Treasury was also accused of purely relying on the Capital Markets Act and failing to seek the Attorney General’s advisory on conflicts with the Companies Act, which complicates off-market share transfers.
Last month, the Committee on Trade put the Competition Authority of Kenya (CAK) and Capital Market Authority (CMA) to task over the sale of shares to Kalahari Cement at an alleged price of Sh27.30 per share, and demanded to know whether a proxy is involved.
Keitany said if the sale is concluded, it would make the purchaser the largest shareholder at 41.7 per cent ahead of National Treasury with 25.3 per cent and National Social Security Fund (NSSF) at 27 per cent, which she described as "monopolistic takeover".
The committee said this heightens strategic uncertainty and raises concerns in the potential altering of corporate control and on minority shareholder protection, governance and compliance with the takeover rules.
“That gives the minority shareholders undue advantage, there is a lot behind the scenes.
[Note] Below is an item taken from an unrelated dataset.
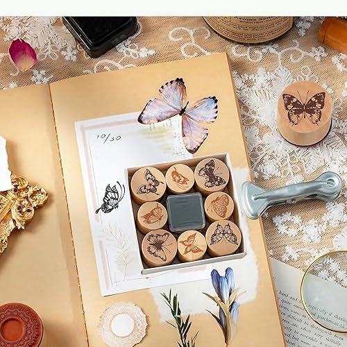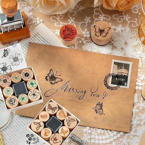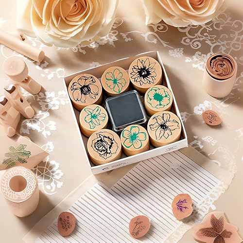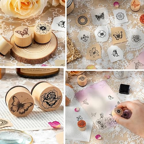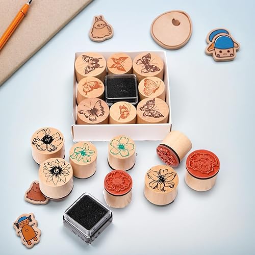 Syrvnto 16pcs Tampon encreur Enfant Rond Tampons en Bois Motifs Fleurs et Papillons Set Créatif Artisanat pour Journaling, DIY Scrapbooking et Carterie Décoration- Encreur Noir Inclus
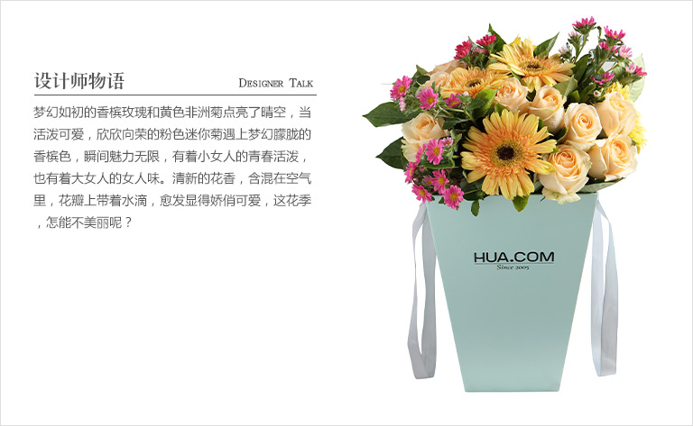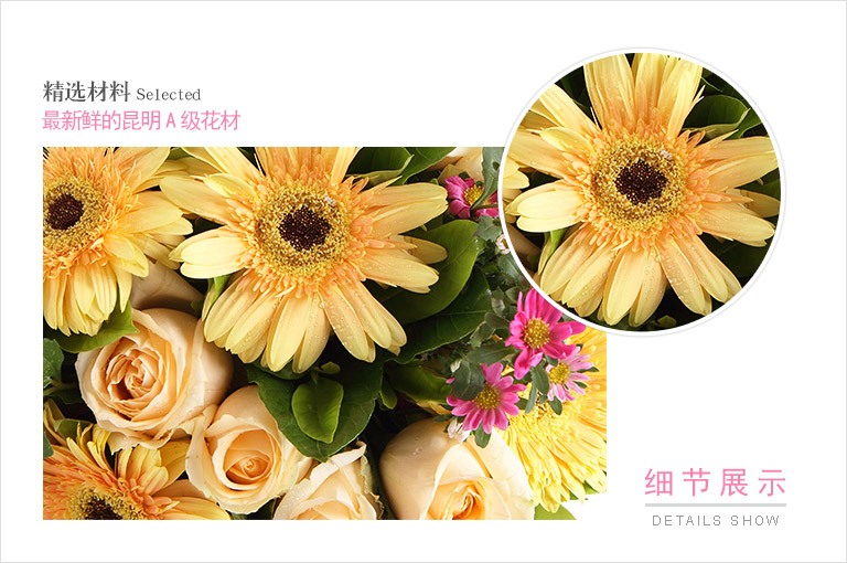 香槟玫瑰11枝,黄色扶郎5枝,搭配适量迷你菊,栀子叶(注:迷你菊为季节性花材,季节性缺货时会用等价的粉色桔梗替代)

This is also dominant in the East Africa and the larger part of Africa and it could be that this person is trying to control East Africa through this particular company, own major stake in Uganda and Tanzania, that already is dominance in the industry.
"This is a monopolistic kind of takeover and requires better analysis,” Keitany said last month.
Yesterday, Funyula MP Wilberforce Oundo insisted on the value for money and what the deal means to Kenyans.
“What does this mean for Kenyans when shares are transferred privately at half the market rate?” he wondered.
The EAPC board explained to the committee that the deal goes beyond an ordinary block trade, with the chairman, Brig (Rtd) Richard Mbabi, noting that the owner of Kalahari Cement also controls Bamburi Cement, which holds 12.5 per cent of EAPC shares.
“After the transaction, the beneficial owner will control 41.7 per cent of EAPC, a level of ownership likely to influence board voting rights and corporate decision-making,” Mbabi stated.
Although Treasury approved the deal, arguing that it met regulatory processes, EAPC told the committee that there is need to safeguard shareholders by ensuring the firm’s intrinsic value is reflected.
“EAPC board of directors' primary concern is that the transaction price of Sh27.30 per share is significantly below the current market price. It is the board's duty to safeguard all shareholders by ensuring the Company's intrinsic value is reflected in its performance.
"The transaction would still require successful registration of the shares and compliance with the Companies Act, State Corporations Act, and all relevant corporate governance frameworks,” said Mbabi.
Mombasa Cement has the largest cement market share in Kenya at 33 per cent, with National Cement at 26 per cent, Bamburi Cement 22 per cent, and EAPC at 10 per cent.
Others are Rai Cement at five per cent, Savannah Cement 1.5 per cent, Ndovu Cement 1.5 per cent and other manufacturers at one per cent.